------ Data to use ------

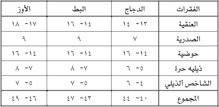 جدول يبين اقطار الالياف العضلية مقاسه بالميكرون من الانواع الثلاث البيضاء، الحمراء، الوسطية ونسبة تواجدها في العضلات المختلفة لجسم الدجاجة
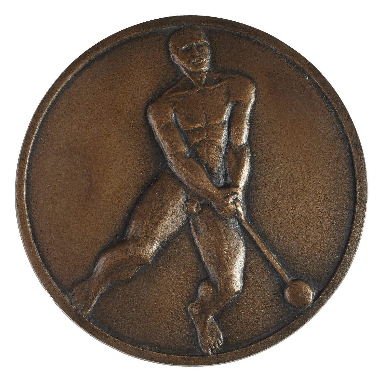Bronze medal depicting a naked man twirling a round object on a chain.
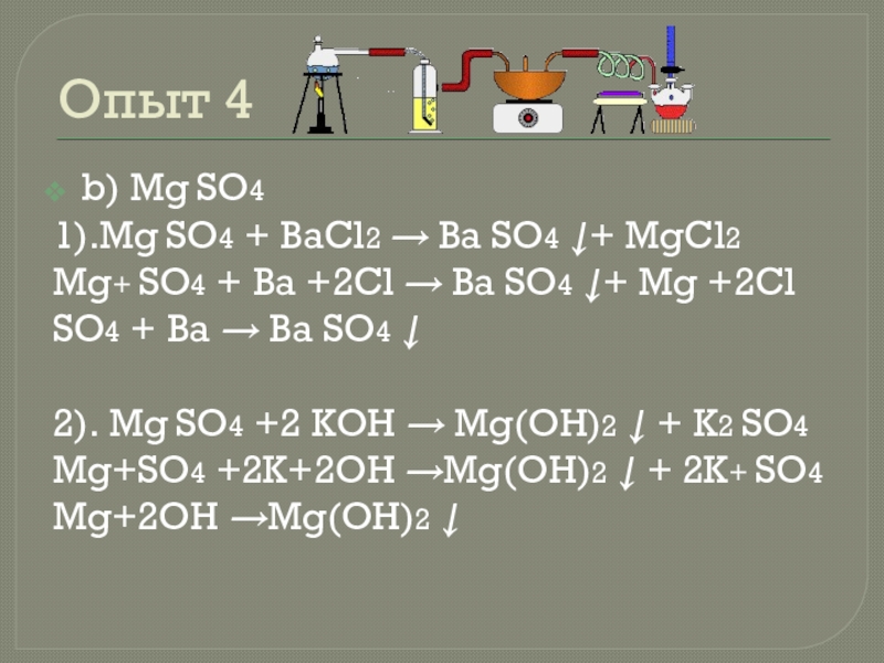 Mg+SO4 +2K+2OH →Mg(OH)2 ↓ + 2K+ SO4
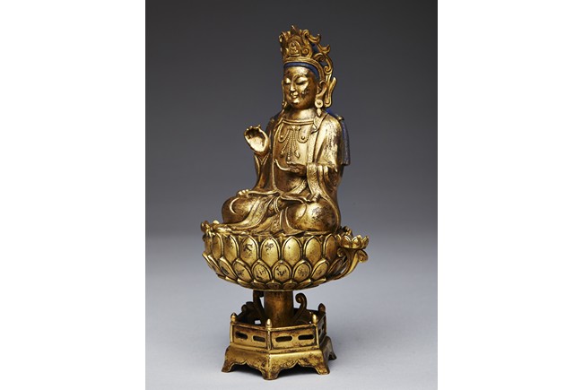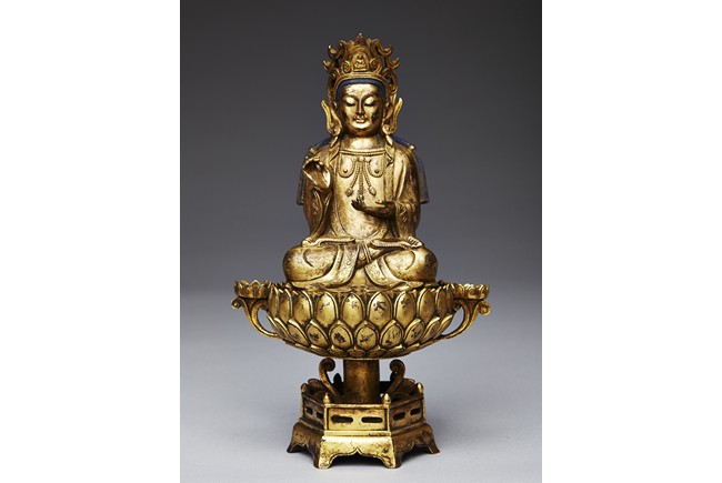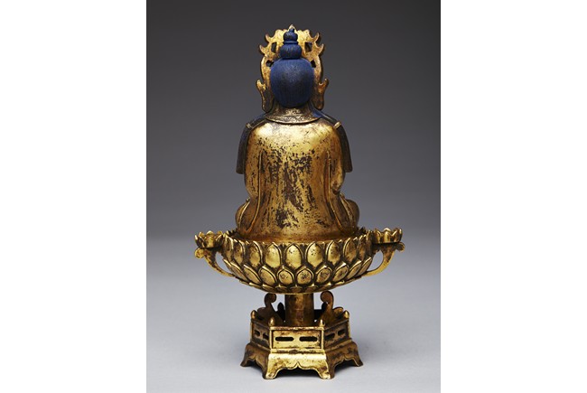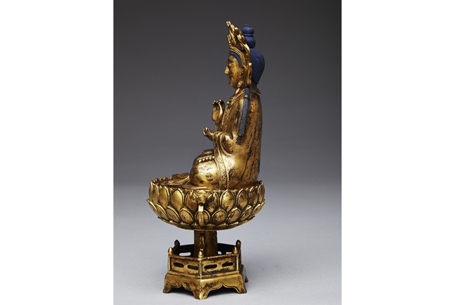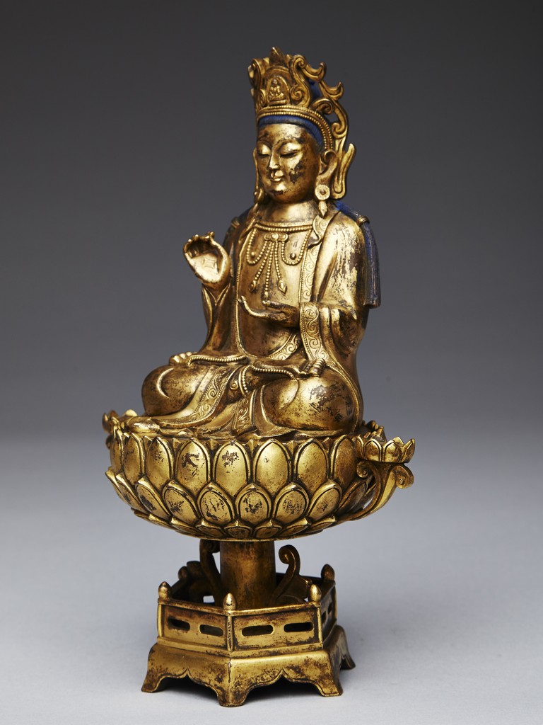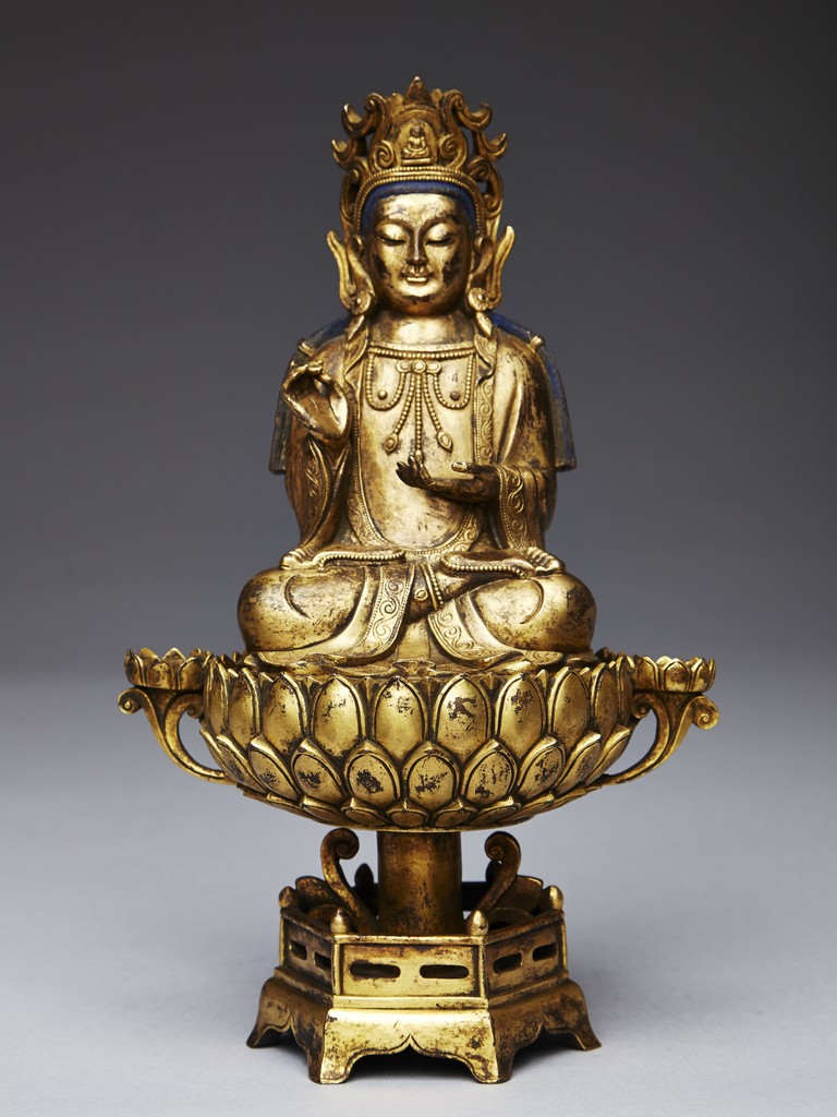 The bodhisattva is shown with hands in vitarka and varada mutra, adorned with beaded jewelry, face with meditative expression and surmounted with an openwork crown enclosing image of Amitabha, seated on a separate lotus base raised on a stem rising from hexagonal stand. Early Qing Dynasty period.
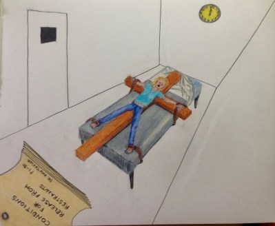 Worst of all, using restraints doesn’t work to make either the patient calmer and safer or the unit a calmer safer environment to work in for staff. In truth, things only go from bad to worse once you restrain an unruly patient…Violence only begets more violence…Moreover, when I was another hospital, I was told by one of their mental health workers that she had wanted to experience the process of being four-pointed so she could identify with patients. She was told no, because as the aide informed me, hospital administrators feared it would be too traumatizing.
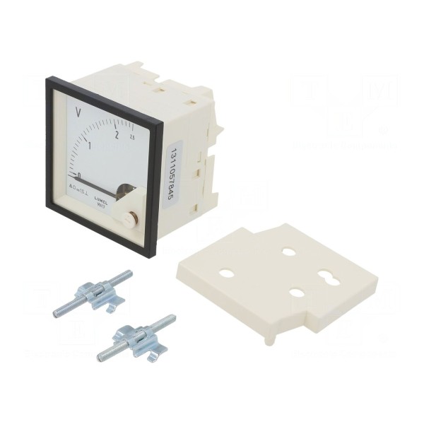 Woltomierz analogowy przeznaczony do montażu panelowego służy do pomiaru napięcia stałego w zakresie od 0 do 2,5V. Urządzenie charakteryzuje się klasą dokładności 1,5 oraz maksymalnym dopuszczalnym napięciem roboczym wynoszącym 600V (0,6kV).
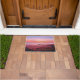 A digital art design of a sunset with clouds and colour reflecting on the sea and seashore on the coast of Wales.
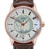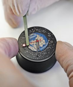 Beneath its classic façade and subtle design lies a revolutionary idea: time should flow in tune with the counterclockwise dance of the planets in our solar system. Take note that the second hand, featuring the Moon, also traces an unconventional path around the central Earth on the watch’s face.
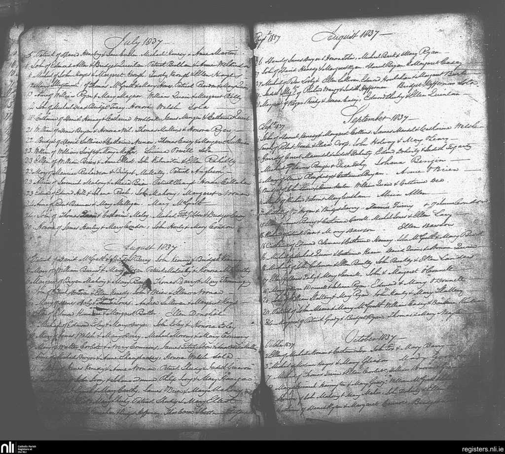 Galbally and Aherlow; County of Limerick, Tipperary; Diocese of Cashel and Emly. Baptisms, July 1837 to Oct. 1837
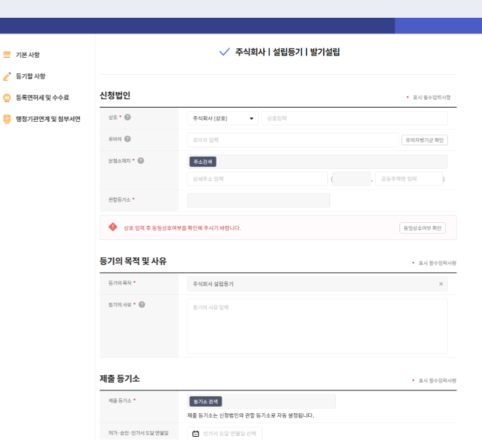 등기맨이 전자등기를 수행하는 절차로 말씀드리면, 먼저 법인설립 필요한 정보 및 서류를 전자문서 형태로 작성하여 인터넷 등기소에 먼저 업로드 합니다.
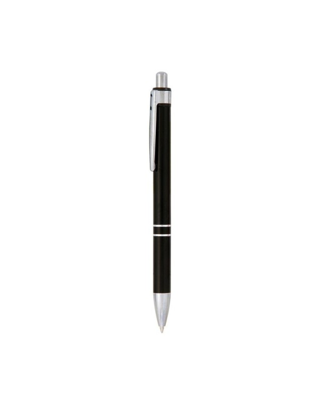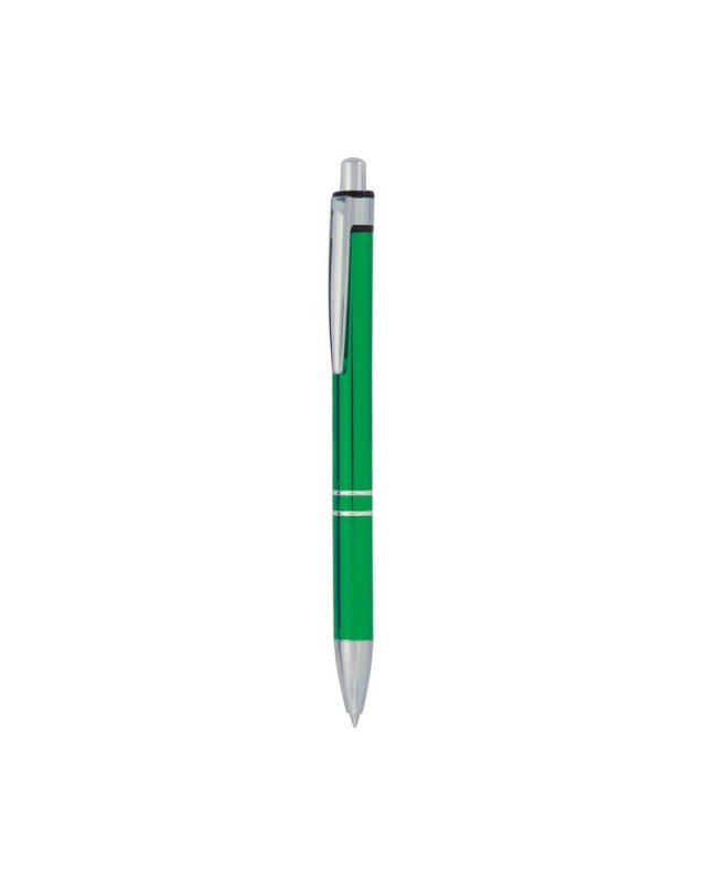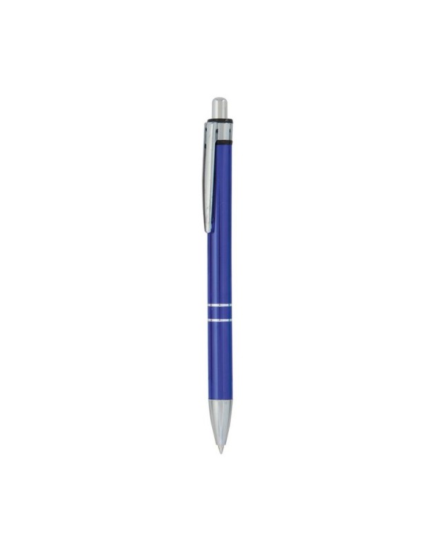 Bolígrafo de mecanismo pulsador en original diseño bicolor. Con cuerpo en aluminio de suave acabado en alegres colores. Accesorios y anillas en plateado. Clip de original diseño y tinta azul. - Diametro: 1 cm - Peso: 14 gr
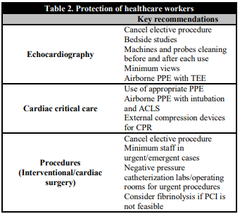 All healthcare personnel engaged in the care of COVID-19 patients must observe necessary precautions at all times. All of them should be trained in donning, usage, and doffing of the personal protective equipment (PPE). Since the very beginning of the COVID-19 outbreak, the WHO maintains the recommendation of using medical masks for regular care of COVID-19 patients in the context of droplet and contact precautions, and respirators (N95, FFP2 or FFP3) for circumstances and settings where aerosol generation can occur such as transesophageal echocardiography, endotracheal intubation, cardiopulmonary resuscitation and bag mask ventilation [73]. PPE with aerosolization protection for the entire catheterization laboratory staff during PCI for all STEMI patients during this COVID-19 pandemic is recommended as per the previously published ACC/SCAI guidelines for managing CCL patients during the COVID-19 epidemic [74]. It is essential to consider minimization of the number of healthcare staff potentially exposed during invasive cardiovascular procedures; this may include limiting the involvement of trainees in high risk procedures and patients. Healthcare workers in the setting of cardiac arrest and chest compressions should be encouraged to use external mechanical compression devices to minimize direct contact with infected patients (Table 2). Elective procedures should be cancelled or kept minimum during this pandemic considering limited availability of catheterization laboratory because of the necessary downtime required for cleaning. There have been reports of centers in China converting positive pressure ventilation configured operating theatres to negative pressure isolation in the setting of COVID-19 [75].

------

Work required | Exact copy, no pictures: return the entries word for word.

Expected output |
 جدول يبين اقطار الالياف العضلية مقاسه بالميكرون من الانواع الثلاث البيضاء، الحمراء، الوسطية ونسبة تواجدها في العضلات المختلفة لجسم الدجاجة
Bronze medal depicting a naked man twirling a round object on a chain.
 Mg+SO4 +2K+2OH →Mg(OH)2 ↓ + 2K+ SO4
 The bodhisattva is shown with hands in vitarka and varada mutra, adorned with beaded jewelry, face with meditative expression and surmounted with an openwork crown enclosing image of Amitabha, seated on a separate lotus base raised on a stem rising from hexagonal stand. Early Qing Dynasty period.
 Worst of all, using restraints doesn’t work to make either the patient calmer and safer or the unit a calmer safer environment to work in for staff. In truth, things only go from bad to worse once you restrain an unruly patient…Violence only begets more violence…Moreover, when I was another hospital, I was told by one of their mental health workers that she had wanted to experience the process of being four-pointed so she could identify with patients. She was told no, because as the aide informed me, hospital administrators feared it would be too traumatizing.
 Woltomierz analogowy przeznaczony do montażu panelowego służy do pomiaru napięcia stałego w zakresie od 0 do 2,5V. Urządzenie charakteryzuje się klasą dokładności 1,5 oraz maksymalnym dopuszczalnym napięciem roboczym wynoszącym 600V (0,6kV).
 A digital art design of a sunset with clouds and colour reflecting on the sea and seashore on the coast of Wales.
 Beneath its classic façade and subtle design lies a revolutionary idea: time should flow in tune with the counterclockwise dance of the planets in our solar system. Take note that the second hand, featuring the Moon, also traces an unconventional path around the central Earth on the watch’s face.
 Galbally and Aherlow; County of Limerick, Tipperary; Diocese of Cashel and Emly. Baptisms, July 1837 to Oct. 1837
 등기맨이 전자등기를 수행하는 절차로 말씀드리면, 먼저 법인설립 필요한 정보 및 서류를 전자문서 형태로 작성하여 인터넷 등기소에 먼저 업로드 합니다.
 Bolígrafo de mecanismo pulsador en original diseño bicolor. Con cuerpo en aluminio de suave acabado en alegres colores. Accesorios y anillas en plateado. Clip de original diseño y tinta azul. - Diametro: 1 cm - Peso: 14 gr
 All healthcare personnel engaged in the care of COVID-19 patients must observe necessary precautions at all times. All of them should be trained in donning, usage, and doffing of the personal protective equipment (PPE). Since the very beginning of the COVID-19 outbreak, the WHO maintains the recommendation of using medical masks for regular care of COVID-19 patients in the context of droplet and contact precautions, and respirators (N95, FFP2 or FFP3) for circumstances and settings where aerosol generation can occur such as transesophageal echocardiography, endotracheal intubation, cardiopulmonary resuscitation and bag mask ventilation [73]. PPE with aerosolization protection for the entire catheterization laboratory staff during PCI for all STEMI patients during this COVID-19 pandemic is recommended as per the previously published ACC/SCAI guidelines for managing CCL patients during the COVID-19 epidemic [74]. It is essential to consider minimization of the number of healthcare staff potentially exposed during invasive cardiovascular procedures; this may include limiting the involvement of trainees in high risk procedures and patients. Healthcare workers in the setting of cardiac arrest and chest compressions should be encouraged to use external mechanical compression devices to minimize direct contact with infected patients (Table 2). Elective procedures should be cancelled or kept minimum during this pandemic considering limited availability of catheterization laboratory because of the necessary downtime required for cleaning. There have been reports of centers in China converting positive pressure ventilation configured operating theatres to negative pressure isolation in the setting of COVID-19 [75].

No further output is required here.